When I was young I saw Julia Marlowe in “As You Like It,” and was ravished with delight. Now I look back on it, in the broad daylight of my present knowledge about life; I recall the thousand traps into which I fell because of ignorance of sex, ignorance of money, ignorance of almost everything about my fellow human beings. I recall the people I have known who fell into these same traps, and were not able to extricate themselves, but paid for their romantic illusions with poverty, drunkenness, disease, divorce, insanity, suicide. So I am compelled to declare that these “charming” comedies are as false to life as the average moving picture of our time, in which the problems of labor and capital are solved by the honest labor leader marrying the daughter of the great captain of industry.

I have to go further and maintain that this betrayal of life was deliberate; the writer himself knew more than he told us. Shakespeare is fond of jeering at the “groundlings,” and those who stoop to tickle their unwashed ears. In the Shakespearean theater the cheap seats were in the pit, or what we call the orchestra; the aristocrats sat on the sides of the stage, and frequently got drunk, and amused themselves by sprawling in their seats and tripping up the actors and guying the show. These elegant ones were not “groundlings,” and it was no disgrace to a romantic poet to rise in the world by giving them what they wanted. Shakespeare was even cynical enough to laugh at them for their silly taste; he called one of his comedy successes “As You Like It,” and another “Twelfth Night, or What you Will.”

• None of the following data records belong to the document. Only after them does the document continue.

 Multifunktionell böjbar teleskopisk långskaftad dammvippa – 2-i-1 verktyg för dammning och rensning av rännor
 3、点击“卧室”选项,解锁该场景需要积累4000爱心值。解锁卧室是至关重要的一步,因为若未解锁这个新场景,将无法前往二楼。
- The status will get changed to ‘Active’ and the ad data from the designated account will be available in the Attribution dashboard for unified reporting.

This man was gifted with the most marvelous tongue that has yet appeared on earth. Golden, glowing, gorgeous words poured out of him at a moment’s notice all his life; he covered everything he wrote with the glamour of poetry. This gift was his fortune; but also it was a trap, because it saved him the need of thinking. It is a trap for us, because it tempts us into sharing his emotions without thinking. But force yourself to think, ask yourself what is the actual value of the ideas the mighty poet is expressing, and you discover that many of them are commonplace, many are worldly and cheap, many are the harsh prejudices of his time and class.

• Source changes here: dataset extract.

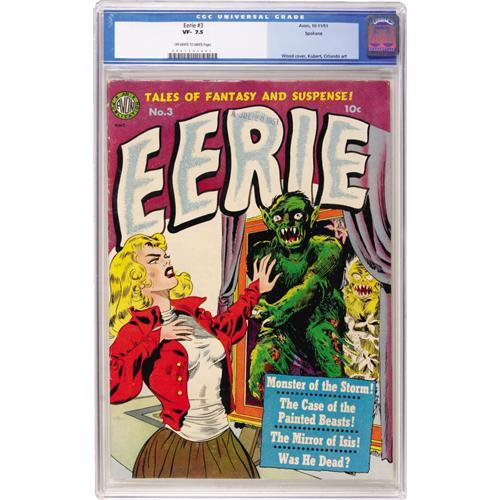 <B>Eerie #3 Spokane pedigree (Avon, 1951) CGC VF- 7.5 Off-white to white pages.</B></I> A creepy Wally Wood cover wraps Joe Kubert and Joe Orlando art in this horrorfest. Overstreet 2006 VF 8.0 value = $444. CGC census 3/07: 1 in 7.5, 1 higher.<BR><BR><b>Shipping:</b> Comics - Slabbed (certified) (<a target="_blank" href="http://www.heritageauctions.com/common/shipping.php">view shipping information</a>)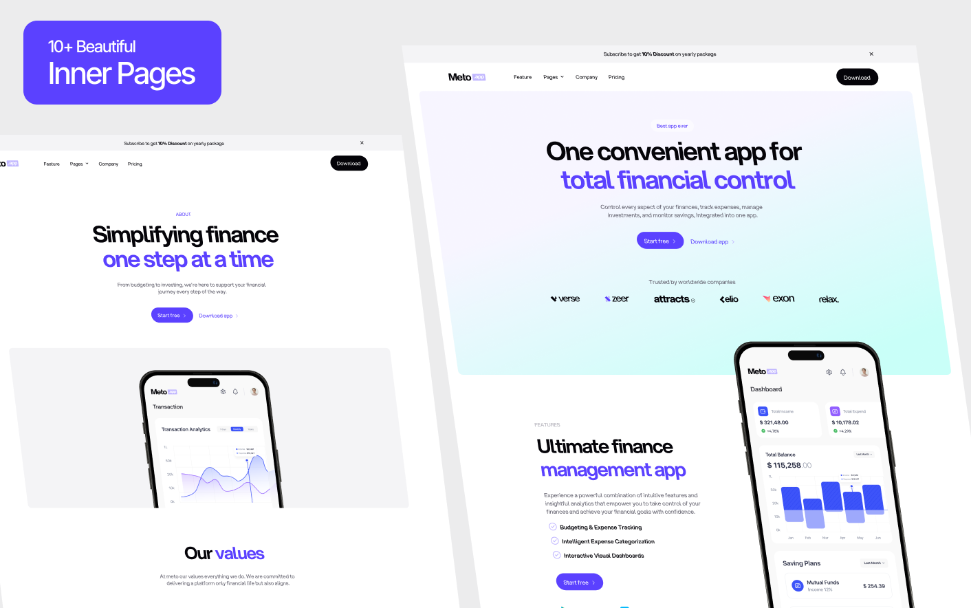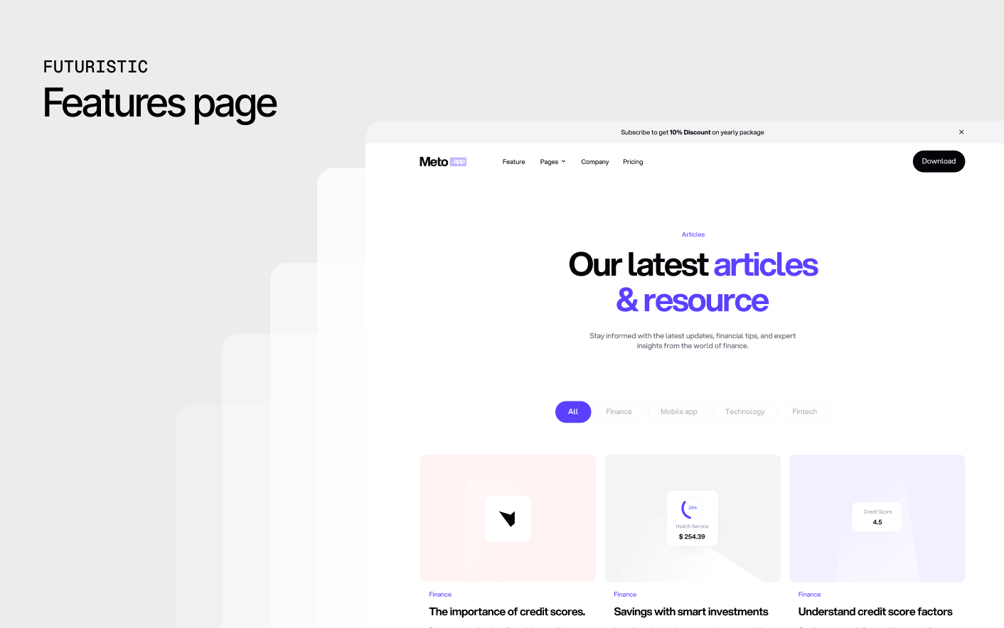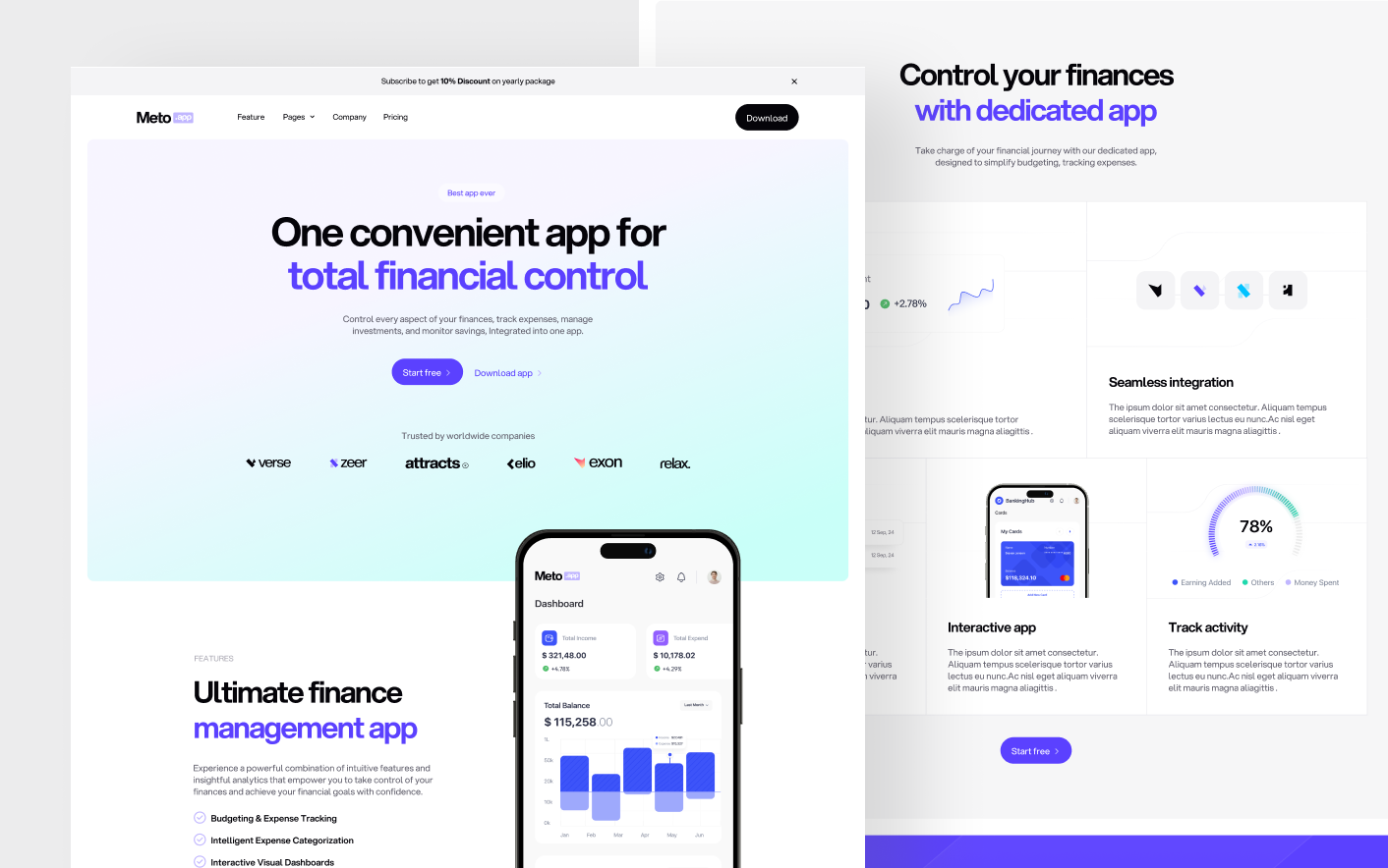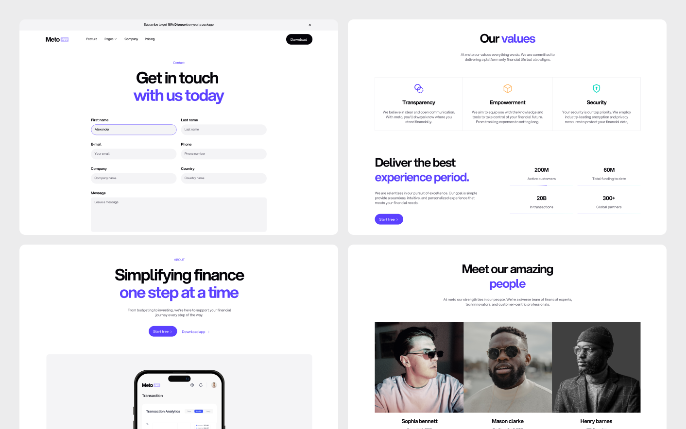 Meto follows modern fintech design practices used by successful banking and financial technology platforms. Its clear structure and focused layouts help financial products present complex services in a simple and understandable way.

In these early days Shakespeare wrote a long narrative poem, which helps us to know him. It is dedicated to the young Earl of Southampton, his patron, and is called “Venus and Adonis”; a typical example of the pseudo-classical romantic rubbish which the cultured world of that time called “art.” Nature has provided for the mixing and distributing of the qualities of living creatures by a system of sex exchanges. Throughout the higher forms of life, and with men and women in their primitive, natural condition, the act of sex fertilization occupies less than the entire time of the creature. But now a leisure-class arises, parasitic upon its fellows; and the members of this class seek to divert their idle time by the endless elaboration of the sex function.

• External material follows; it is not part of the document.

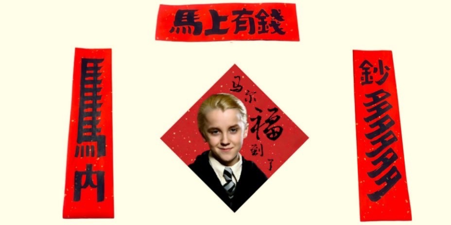 “00后”追捧的春联也有新意。其中“马尔福春联”就在平台上火了起来,就是把《哈利·波特》里的主人公德拉科·马尔福和“福”字结合起来的表情包对联。数据显示,“马尔福春联”相关笔记阅读量达10.23亿,同时引发海外用户关注,也带火了一波中国春节贴福字的文化。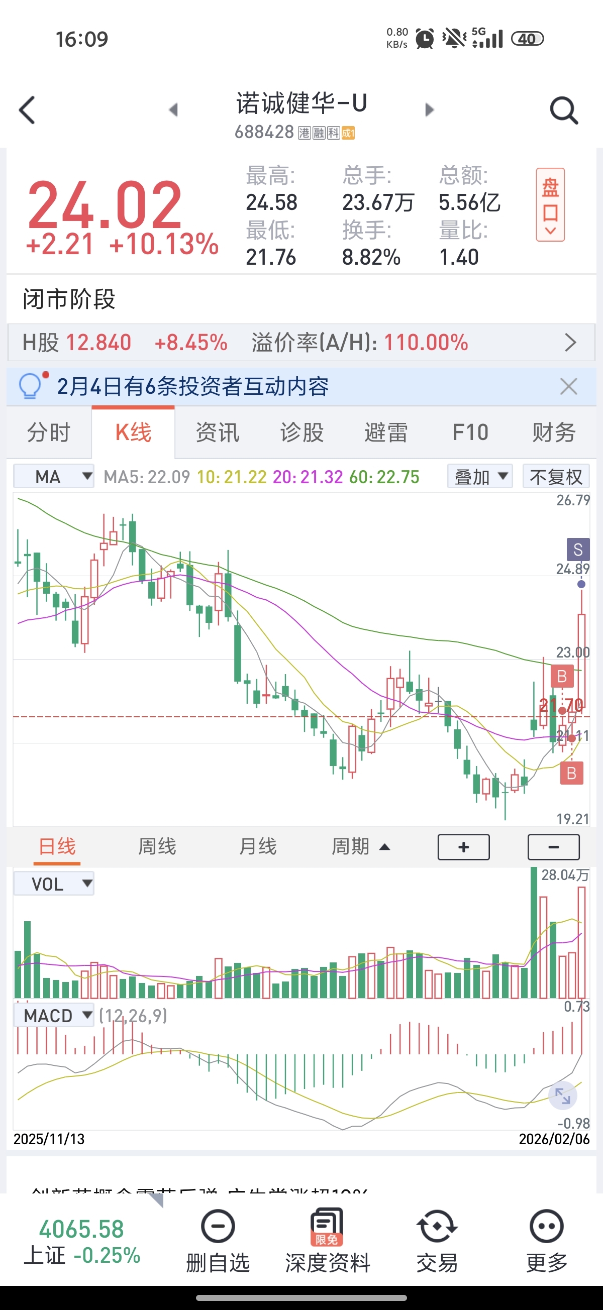$诺诚健华-U(SH688428)$ 短线突击了一下,今天卖了

“Venus and Adonis” tells the story of an effort of the goddess of love to secure the sexual attentions of a reluctant youth. The striking thing about the poem is the extent to which the Greek ideal of the goddess of fecundity has been debased—I will not say to the animal level, because the animals are decent and sensible in their sex affairs; I say to the level of the high-priced brothel, where the jaded rich are beguiled. Venus in this poem has no idea of making herself spiritually or intellectually attractive to the youth; she does not know how to be sublime and goddess-like, she does not know how to be wise, or even to be witty and gay. She only knows how to force her unwanted flesh more and more persistently upon the youth, to wallow upon his body, disgusting both the youth and the reader.

The fact that “Venus and Adonis” is full of verbal splendor, like everything else that Shakespeare wrote, makes it more and not less offensive to an intelligent person. By means of our intelligence we have invented the microscope, and thereby we know that decay is not less decay because it happens to be phosphorescent. We can surely say that there was decay in the fashionable world of Shakespeare’s time, when twelve editions of “Venus and Adonis” were called for, while for a mighty tragedy like “Othello” there was not demand enough to secure its printing until six years after its author was dead!